▶ _Exercise brief_:
The answer should hold only the lines from the one that contains "Surimi, aguacate, pepino, cubierto" through the last line of the material, repeated exactly, without pictures.

--- --- ---

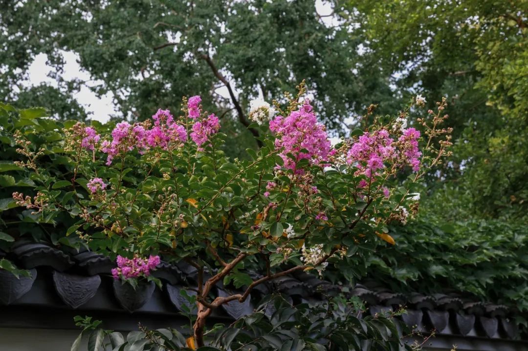 在醉白池公园的雪海堂、雕花厅、盆景园附近,紫薇花的花朵已开满了树梢,微风吹过,轻盈的紫薇花随风舞动,美不胜收。
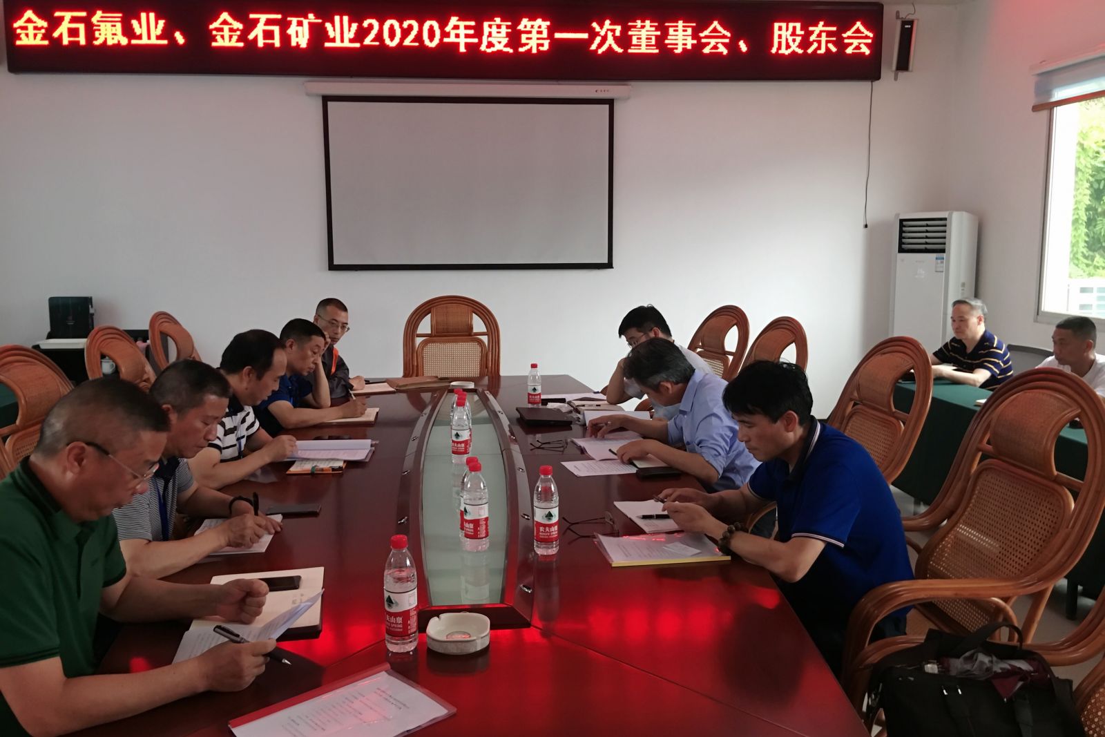 2020年6月8日下午1:30,在綜合樓三樓會議室召開公司2020年第一次董事會、股東會,公司全體董事及各股東出席會議。會議協商表決了金石氟業(yè)、金石礦業(yè)公司各項重大生產經營事項。
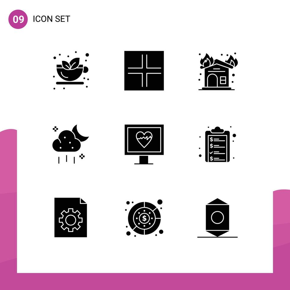 Set of 9 Modern UI Icons Symbols Signs for monitor weather fire ui cloud Editable Vector Design Elements
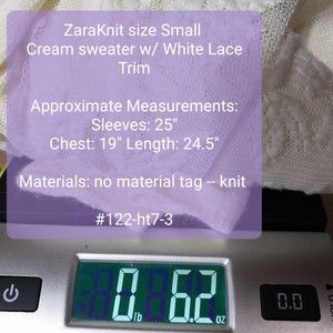 ZaraKnit size Small Cream Knit with White Lace Trim Knit Sweater
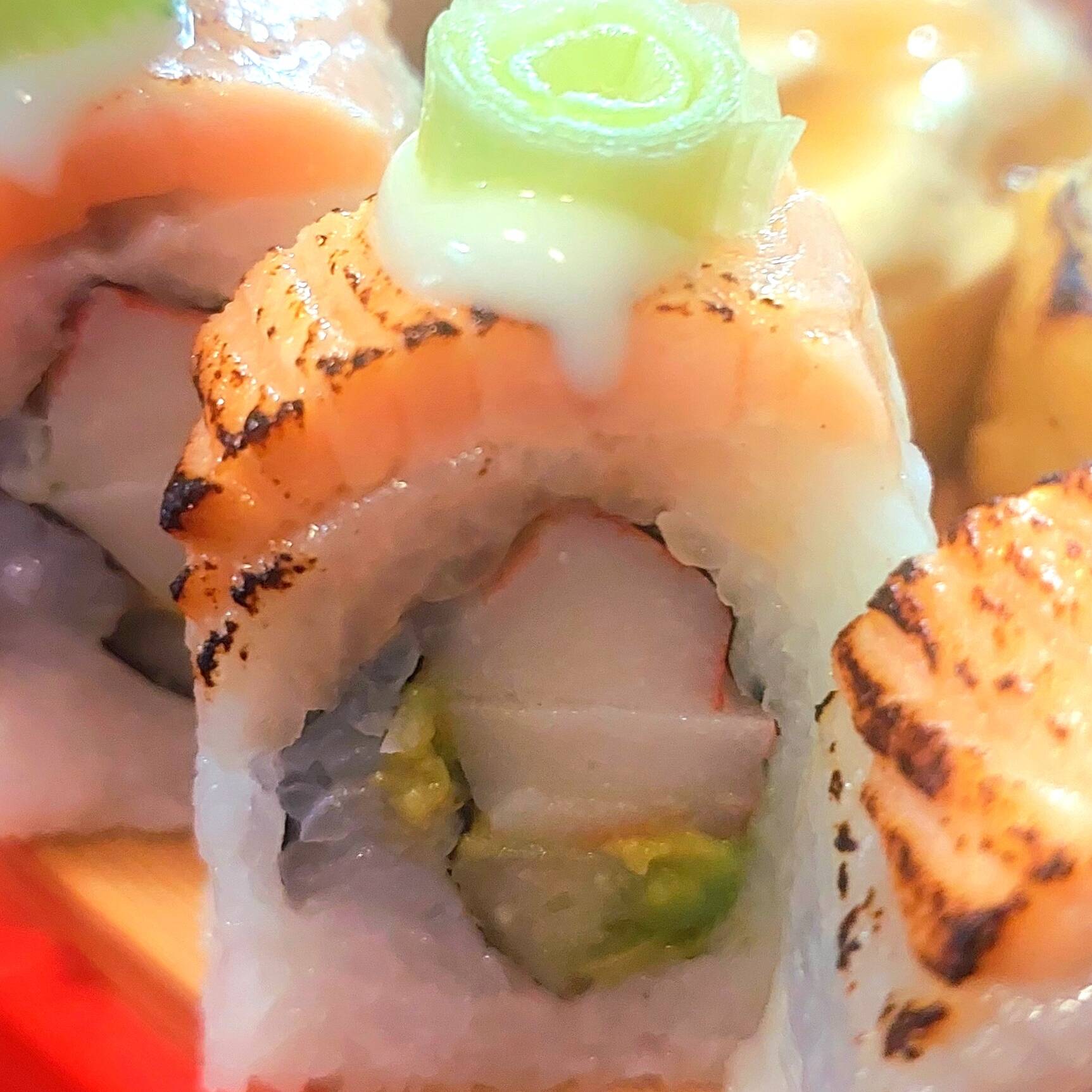 Surimi, aguacate, pepino, cubierto de salmón flameado con cebollino y salsa mayo.
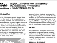 The purpose of this investigation is to facilitate understanding of the basics of cloud formation involving the changing state of water. This activity should enhance the understanding of the change of state concept, which is important in the study of meteorology.
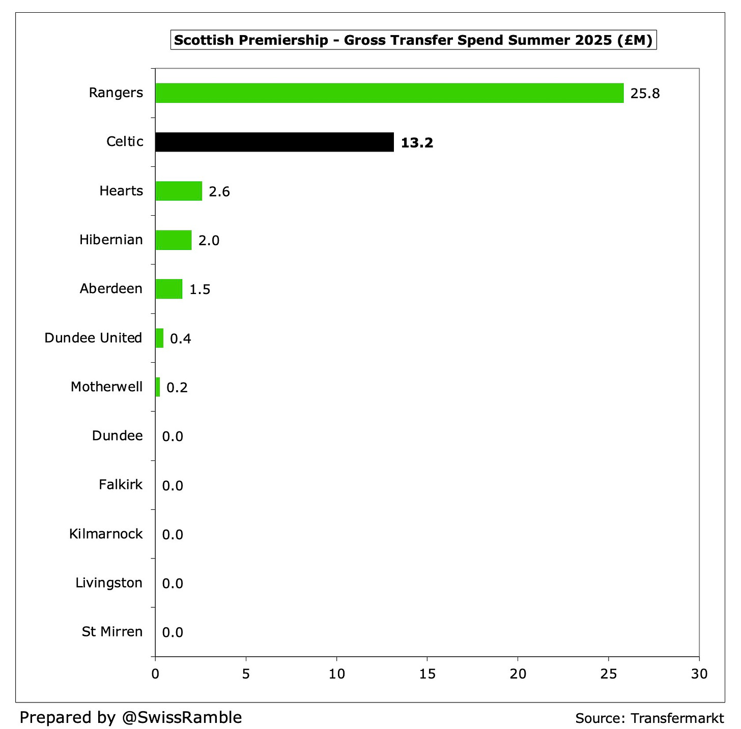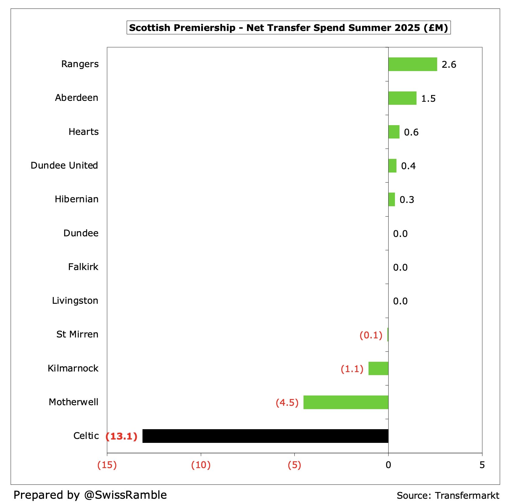 In fact, Celtic actually made a profit on player trading this summer, as they sold £26m of talent to give net sales of £13m, by far the largest in Scotland.
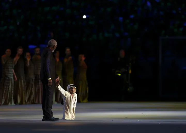 11月20日晚的卡塔尔世界杯开幕式上,一位双手支撑身体行走、只有上半身的男孩出现在海湾球场中央,成为观众最为难忘的场景之一。

--- --- ---

▶ _Output for this task_:
 Surimi, aguacate, pepino, cubierto de salmón flameado con cebollino y salsa mayo.
 The purpose of this investigation is to facilitate understanding of the basics of cloud formation involving the changing state of water. This activity should enhance the understanding of the change of state concept, which is important in the study of meteorology.
 In fact, Celtic actually made a profit on player trading this summer, as they sold £26m of talent to give net sales of £13m, by far the largest in Scotland.
 11月20日晚的卡塔尔世界杯开幕式上,一位双手支撑身体行走、只有上半身的男孩出现在海湾球场中央,成为观众最为难忘的场景之一。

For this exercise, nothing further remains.